I only mention the tons of bits to illustrate the possibilities. In any real proposal we would stick with 64 bits. It could equally be 128 bits.
#####If in the future we need more division then the core could be made to recognise 2 versions of the note, the 1st version is the number of bits decided now (64 or 128) and the new double the bits. The core always uses the larger when storing a value. I doubt there is that many atoms in the earth as 2^128 so doubt we need more than 128 bits for this.
64 bits allows 19 digits of accuracy, and if want negative then it works out that its only 18 digits. Lets stick with 18 digits. This is a form of fixed precision, just all decimal places.
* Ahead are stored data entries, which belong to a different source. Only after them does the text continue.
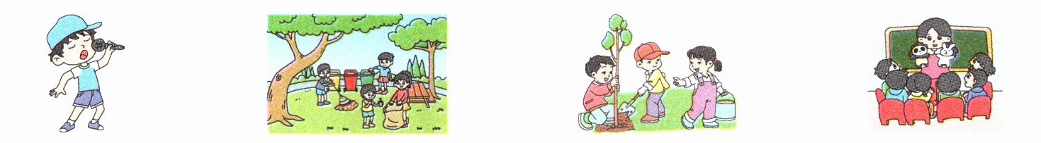 | Taotao, Junjun and Yingying are planting trees in the park. Trees can make our community more beautiful. |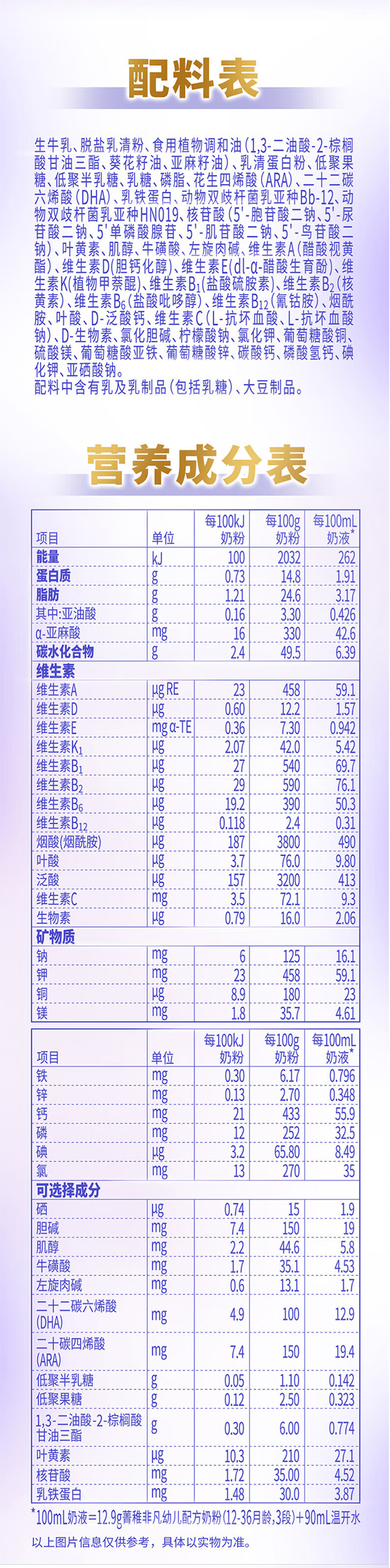 完达山菁稚非凡新国标幼儿配方奶粉3段750g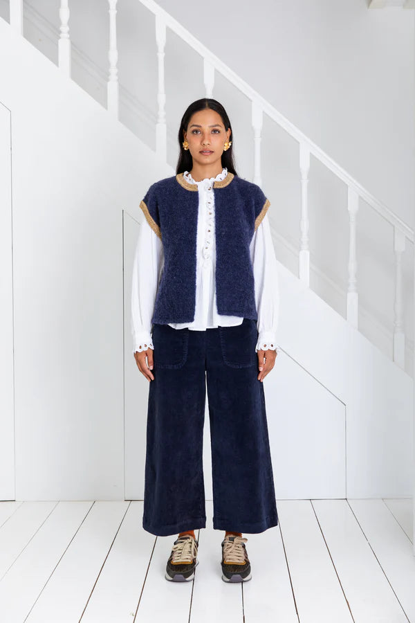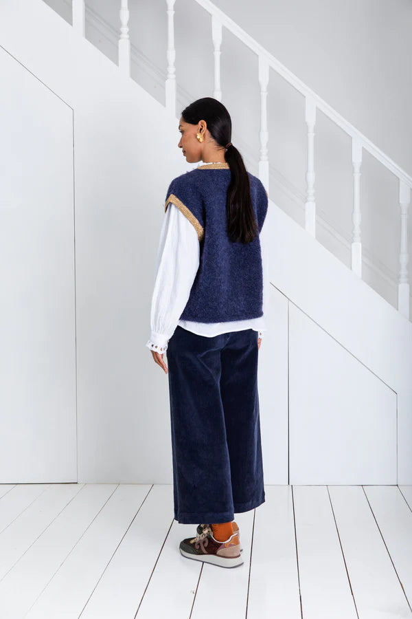 Fit for layering over knitwear, crisp button up blouses or a simple t-shirt, this vest is a must have for the winter. In a deep classic navy colour, this piece is timeless thanks to its simple design, but the gold lurex rib at the neck and cuffs keep this feeling really festive. The open finish makes layering this piece an easy way to jazz up your look.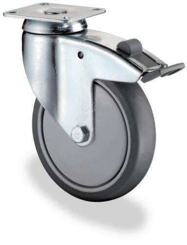 "longDescription": "<h2>Rouleau d'appareil thermoplastique</h2><strong>pour les charges moyennes à lourdes avec changement régulier de l'emplacement</strong><br><ul><li><strong>Résistance et haut pouvoir anticorrosif</strong> - boîtier de direction et chape fixe en acier galvanisé-chromaté</li><li><strong>Faible résistance au démarrage</strong> grâce au bandage caoutchouc thermoplastique</li><li><strong>Souplesse garantie à tout moment</strong> - le pare-fils empêche les fils traînant au sol (p. ex. restes d'emballages) de s'enrouler autour du moyeu de la roue</li><li>bord en matière synthétique</li><li>Durabilité et douceur de fonctionnement - avec roulement à billes</li><li><strong>Mouvement de rotation précis et stable</strong> - roulette pivotante avec double couronne à billes dans la tête de chape</li></ul><br><h3>Le choix vous appartient :</h3><ul><li><strong>Une roulette adaptée à chaque application</strong> - comme roulette pivotante avec ou sans frein, comme roulette fixe ou roue de secours</li><li><strong>Pour vissage direct ou passage d'une vis</strong> - avec plaque ou trou de fixation</li></ul>",

Then 0.125 is stored as 125000000000000000
Easy to do maths on this and no need for BCD (nibble = 4 bits) or storing one digit per byte. And if add 2 values together it does not exceed the capacity of an integer with that many bits. and if it exceeds 999999999999999999 after the add then a coin is released from being frozen to return in addition to the note. We subtract 10^19 from the new notes value that exceeds a coin’s worth to account for it
Then all that is needed is to specify the number of places the current system wishes to work in. 1/100ths or millionths etc. Only do this if we want it. Maybe it can be an account setting that the user wants (for viewing value, not rounding of such thing).
TL;DR the actual value of the fraction is store in an integer in the maximum number of digits the “int” can contain as amounts of that very small fraction.